The CPU has a fixed number of performance counters. If you try recording more events than there are counters, "multiplexing" will be performed to estimate the totals for all the events. For example, if we record 6 events on the sum benchmark, the instruction count becomes less stable. This is because the number of events now exceeds the number of hardware registers for counting, and multiplexing occurs. To ensure that certain events are always counted together, you can put them all in a group with the -g option. The -g option has the same syntax as the -e option, but may be specified multiple times (for multiple groups).

Notes and caveats

  • Tip: enable verbose mode with the -V flag when you are not seeing the expected result.
  • Many CPUs expose additional/non-standardized raw perf events. Perforator does not currently support those events.
  • Perforator has only limited support for multithreaded programs. It supports profiling programs with multiple threads as long as it is the case that each profiled region is only run by one thread (ever). In addition, the beginning and end of a region must be run by the same thread. This means if you are benchmarking Go you should call runtime.LockOSThread in your benchmark to prevent a goroutine migration while profiling.
  • A region is either active or inactive, it cannot be active multiple times at once. This means for recursive functions only the first invocation of the function is tracked.
  • Be careful of multiplexing, which occurs when you are trying to record more events than there are hardware counter registers. In particular, if you profile a function inside of another function being profiled, this will likely result in multiplexing and possibly incorrect counts. Perforator will automatically attempt to scale counts when multiplexing occurs. To see if this has happened, use the -V flag, which will print information when multiplexing is detected.
  • Be careful if your target functions are being inlined. Perforator will automatically attempt to read DWARF information to determine the inline sites for target functions but it's a good idea to double check if you are seeing weird results.
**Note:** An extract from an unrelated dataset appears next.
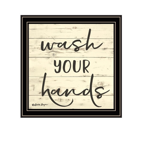 This wash your hands black framed print bathroom wall art will add a beautiful decorative accent to your decor. This print is a visual artistic expression that allows you to decorate your space in style. Reproduced for you on wood, this hanging decorative accent will be a trendy and fashionable way to dress your walls in a rustic and modern farmhouse vibe. Adding this hanging wall art to your space to make your room feel more finished and attractive. Instantly liven up your space with this art that brings color and dimension to your walls. 14-inch H x 14-inch W x 1-inch D

Use the -V flag to see where Perforator thinks the inline site is.

How it works

Perforator uses ptrace to trace the target program and enable profiling for certain parts of the target program. Perforator places the 0xCC "interrupt" instruction at the beginning of the profiled function which allows it to regain control when the function is executed. At that point, Perforator will place the original code back (whatever was initially overwritten by the interrupt byte), determine the return address by reading the top of the stack, and place an interrupt byte at that address. Then Perforator will enable profiling and resume the target process. When the next interrupt happens, the target will have reached the return address and Perforator can stop profiling, remove the interrupt, and place a new interrupt back at the start of the function.